On a dark upstate highway, cool wind in my hair
Warm smell of Labatts, rising up through the air
Up ahead in the distance, I saw a shimmering light
My head grew heavy and my sight grew dim
I had to stop for the night
There she stood in the doorway;
I heard the mission bell
And I was thinking to myself,
'This could be Heaven or this could be Hell'
Then she lit up a candle and she showed me the way
There were voices down the corridor,
I thought I heard them say...
Welcome to the Hotel Buffalo
Such a lovely place
Such a lovely face
Plenty of room at the Hotel Buffalo
Any time of year, you can find it here......

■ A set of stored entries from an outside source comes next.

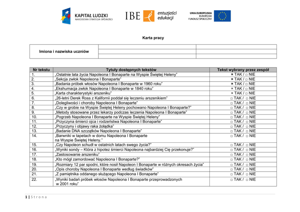Karta pracy Imiona i nazwiska uczniów Nr tekstu 1. 2. 3. 4. 5. 6. 7. 8. 9. 10. 11. 12. 13. 14. 15. 16. 17. 18. 19. 20. 21. 22. 1|Strona Tytuły dostępnych tekstów „Ostatnie lata życia Napoleona I Bonaparte na Wyspie Świętej Heleny” „Sekcja zwłok Napoleona I Bonaparte” „Badania próbek włosów Napoleona I Bonaparte w 1960 roku” „Ekshumacja zwłok Napoleona I Bonaparte w 1840 roku” „Karta charakterystyki arszeniku” „26-letni Derek Ross z Kalifornii poddał się leczeniu arszenikiem” „Dolegliwości i choroby Napoleona I Bonaparte” „Czy w grobie na Wyspie Świętej Heleny pochowano Napoleona I Bonaparte?” „Metody stosowane przez lekarzy podczas leczenia Napoleona I Bonaparte” „Pogrzeb Napoleona I Bonaparte na Wyspie Świętej Heleny” „Przyczyna śmierci ojca i rodzeństwa Napoleona I Bonaparte” „Przyczyny i objawy raka żołądka” „Badanie DNA szczątków Napoleona I Bonaparte” „Barwniki w tapetach w domu Napoleona I Bonaparte na Wyspie Świętej Heleny.” „Czy Napoleon schudł w ostatnich latach swego życia?” „Wyniki sondy – Która z hipotez śmierci Napoleona najbardziej Cię przekonuje?” „Zastosowanie arszeniku” „Kto mógł zamordować Napoleona I Bonaparte?” „Rozmiary 12 par spodni, które nosił Napoleon I Bonaparte w różnych okresach życia” „Opis choroby Napoleona I Bonaparte według świadków” „Z pamiętnika oddanego służącego Napoleona I Bonaparte” „Wyniki badań próbek włosów Napoleona I Bonaparte przeprowadzonych w 2001 roku” Tekst wybrany przez zespół × TAK / □ NIE × TAK / □ NIE × TAK / □ NIE × TAK / □ NIE × TAK / □ NIE □ TAK / □ NIE □ TAK / □ NIE □ TAK / □ NIE □ TAK / □ NIE □ TAK / □ NIE □ TAK / □ NIE □ TAK / □ NIE □ TAK / □ NIE □ TAK / □ NIE □ TAK / □ TAK / □ TAK / □ TAK / □ TAK / □ TAK / □ TAK / □ TAK / □ NIE □ NIE □ NIE □ NIE □ NIE □ NIE □ NIE □ NIE Czy przyczyną śmierci Napoleona I Bonaparte było zatrucie arszenikiem? Argumenty na „tak” Informacja Po dziewiętnastu latach od śmierci cesarza jego ciało było nienaruszone. Wniosek 2|Strona Wniosek Arszenik ma działanie konserwujące. Argumenty na „nie” Numer tekstu źródłowego 4. Informacja Wniosek Numer tekstu źródłowego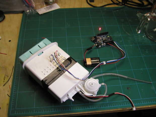 Conectar la batería (o USB - recuerda el puente) a la Arduino y dar aproximadamente diez segundos que carga el programa y sale corriendo. Realmente no habrá ningún indicio de que está listo - supongo que podría añadir software para eso más adelante.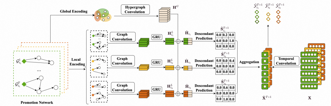 结构预测通路:预测未来的推广网络。针对推广高度动态这一难点(对应难点二),我们不预测完整的推广图,而是简化为预测节点间的后代关系。为此,我们设计了“局部+全局”的双重编码器来学习推广者的动态表征:

Oh my life in Buffalo, it's has been since 2003 that I've been back in Buffalo, spending a few years out of state in Providence, RI. Growing, developing, trying to forget and covering up my past to become someone new, something different to come back to BLO a new person and every time the homeland bitch slaps you in the face. Any time of year you can find it hear BFLO. The past likes to come back and haunt you from time to time and I, not being any wiser then I once was but with much more wisdom then I once had in all fun volunteered at the Taste of Buffalo only to find people that I went to HS with. Of course, why not this is only the nations 2nd largest Taste and a not to miss event in Buffalo. So I get to come face to face without words a part of my past that I look to escape. Then comes to mind how I hate certain aspects of myself, the things I want to change and how I MUST look better then everyone else when my 10 year reunion comes to swing and how I need to accomplish something by then so I'm not the same of thing I was back then and of course this folds into the drama and hazards of my life since graduation, the mistakes I've made, the faults that have occured and how I am so much more and so still the same. I keep making the same mistakes and yet I find new ones to make but ultimatly I keep judging myself the hardest AND not forgiving myself for the actions.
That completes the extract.